Хозяин равнодушно пожал плечами.
— Прими мои соболезнования, я знаю, вы с Зориной дружили, — Кристина кивнула, в горле застрял ком, который не то, что говорить, дышать не давал. — Интересная выходит история, — задумчиво протянул Шалопаев, наблюдая, как лижет огонь поленья в камине, — у меня ведь твой подарок недели две назад Анатоль выклянчил. Пристал, как банный лист к жопе: подари да подари. Я и отдал. Ты — мне, я — ему, и все вокруг — друзья, верно? — усмехнулся щукинский кореш. — А у этой падлы уже и пакетик заготовлен был. Взял мой башмак, как опер — улику, аккуратно упаковал да в карман. Я еще пошутил: отпечатки, мол, для ментов решил сохранить? Сам-то даже не прикоснулся, гнида! — Шалопаев вдруг качнулся вперед, на роскошный ковер просыпался пепел. Медленно выпрямился, откинулся в кресле
— Миша…
— Нет, — резко оборвал он, — я в порядке, позвоню, иди, — «сестренка» молча закинула сумку на плечо и, не прощаясь, вышла.
…В Нескучном саду — засыпанные снегом скамейки, воробьи, вороны, самодельные кормушки на голых ветках, расчищенные кое-где аллеи, заснеженные деревья. Голо, пусто, уныло. Зимний пейзаж любимого парка не умилял, скорее наводил тоску.
— Привет! — внезапно прозвучало над ухом.
— Господи, Кирилл, ты меня напугал! Ну кто так подкрадывается сзади?
— Я, — невозмутимо доложился Жигунов. Он изменился. Лоб прорезали морщины, у сжатого рта залегли складки, резче обозначились черты и в лице появилась жесткость, непокрытая голова выдавала раннюю седину. Видно, служить закону — не сахар. Но одет, как с иголочки и пахнет хорошо. — Я тут смотрел, как ты глазеешь на ворон, и решил нарушить наш уговор. Здесь недалеко уютное местечко, зайдем? Выпьем кофе, поговорим.
— Ага, — клацнула зубами озябшая Кристина, которая не хотела опаздывать и сдуру явилась раньше. Умные люди, конечно, так не поступают.
— Тогда пошли!
Вышагивая рядом, старая знакомая размышляла о превратностях судьбы, почему-то всегда сводившей ее с этим человеком в черные дни, как будто их первая встреча задала тон остальным. Отец, Женя, Зорины — они все отправились вслед за несчастной экс-каскадершей, рухнувшей с подоконника вниз и послужившей началом. Возможно, именно это и помешало ответить Кириллу «да».
— Ты на машине?
— Да.
— Поедешь за мной, — шагнул он к серебристому «опелю», — езды минут пять.

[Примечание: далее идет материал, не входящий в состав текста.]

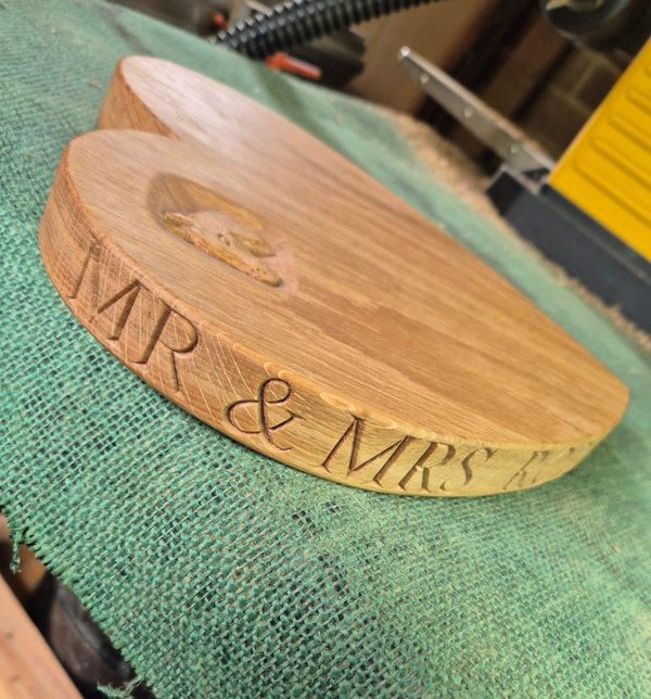 A beautiful bespoke addition to any home. This solid oak board is universal, from a chopping board to a personalised gift for a specical occasion. We have even had these boards used for a wedding cake stand!

Небольшую пирожковую на углу Кристина помнила с детства. Кроме гордой вывески «кафе Мистраль» здесь ничего не изменилось. Те же выкрашенные в голубое стены с дешевыми эстампами, допотопные жесткие стулья, на оцарапанном пластике столов — пепельницы и керамические вазы с пластмассовой ромашкой, пара колченогих вешалок, одинокая старушка у окна в модной шапочке семидесятых и тот же аромат ванили, который вечно сюда манил. Если добавить ко всему голос Магомаева, поющего про пляшущую свадьбу, можно сказать, что Кристину пригласили в прошлое.

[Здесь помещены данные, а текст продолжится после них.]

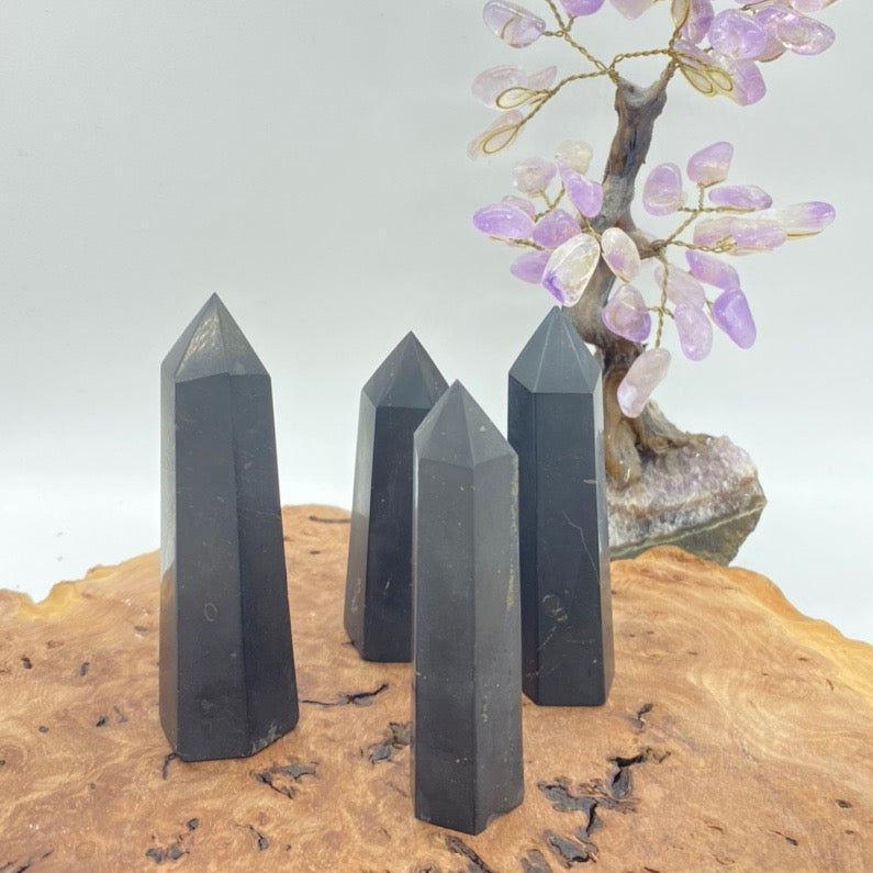 Shungite is electro-conductive, transmuting electrical energy as it passes through it. It shields you from electro magnetic frequencies.

— Не обращай внимания на обшарпанный вид, — заметил Кирилл, снимая дубленку, — у них отличная выпечка, во всей Москве такой не найти.
— Знаю, мы с девчонками здесь часто паслись.

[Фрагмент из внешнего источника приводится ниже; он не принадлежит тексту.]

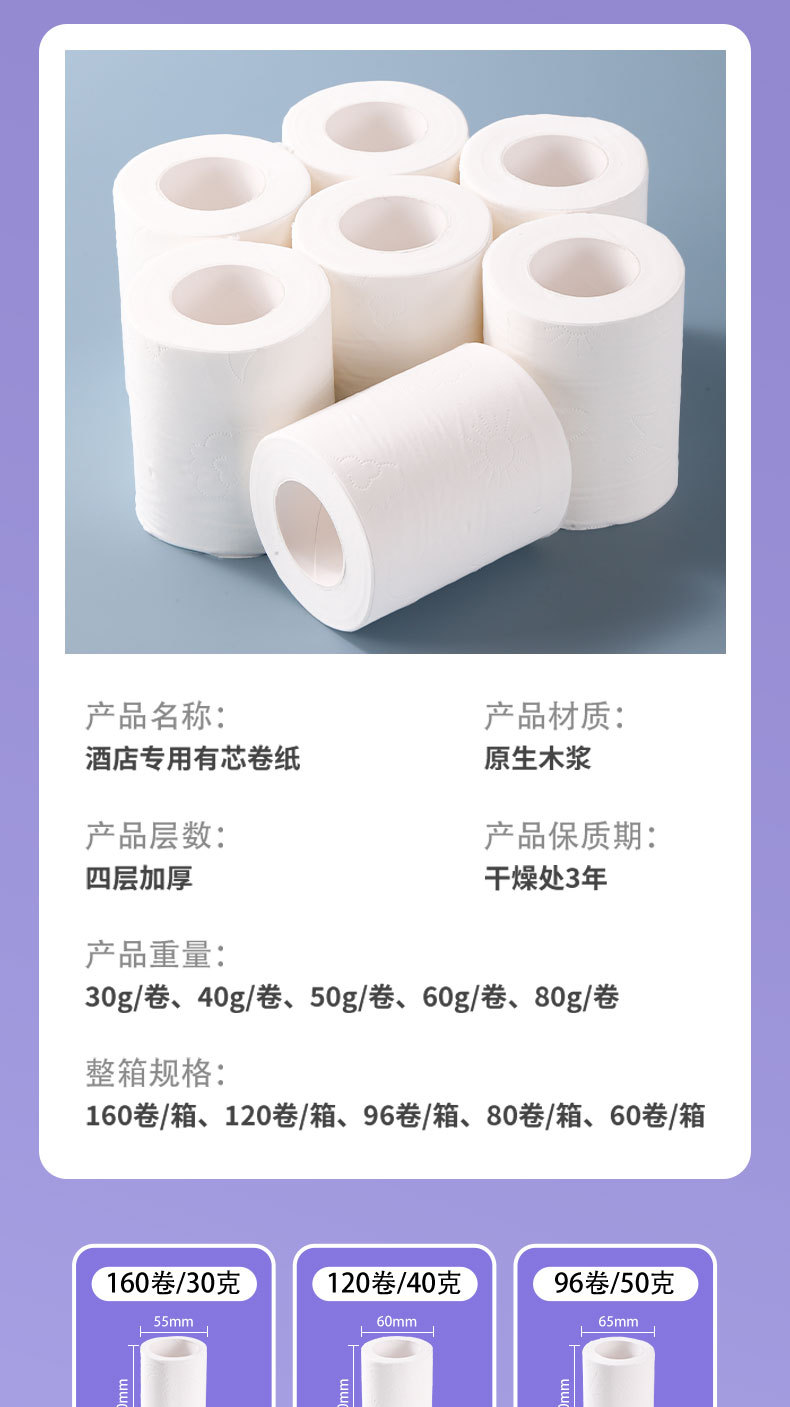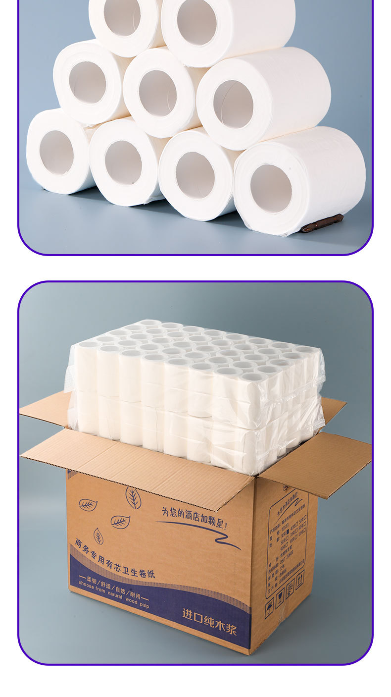 商用宾馆酒店客房用纸有芯卷纸整箱批发厕纸卫生纸独立包装小卷纸 English | 投诉

После кофе и роскошного пирожка с мясом, дышащего детством, Кристина посмотрела на часы. Сделала это демонстративно, потому что время шло, а толку не было никакого, кроме замечаний о погоде да вопросов о работе Жигунов ничем не разродился.
— А ты не меняешься.
— Хотелось бы. Но, к сожалению, в этой жизни меняется все.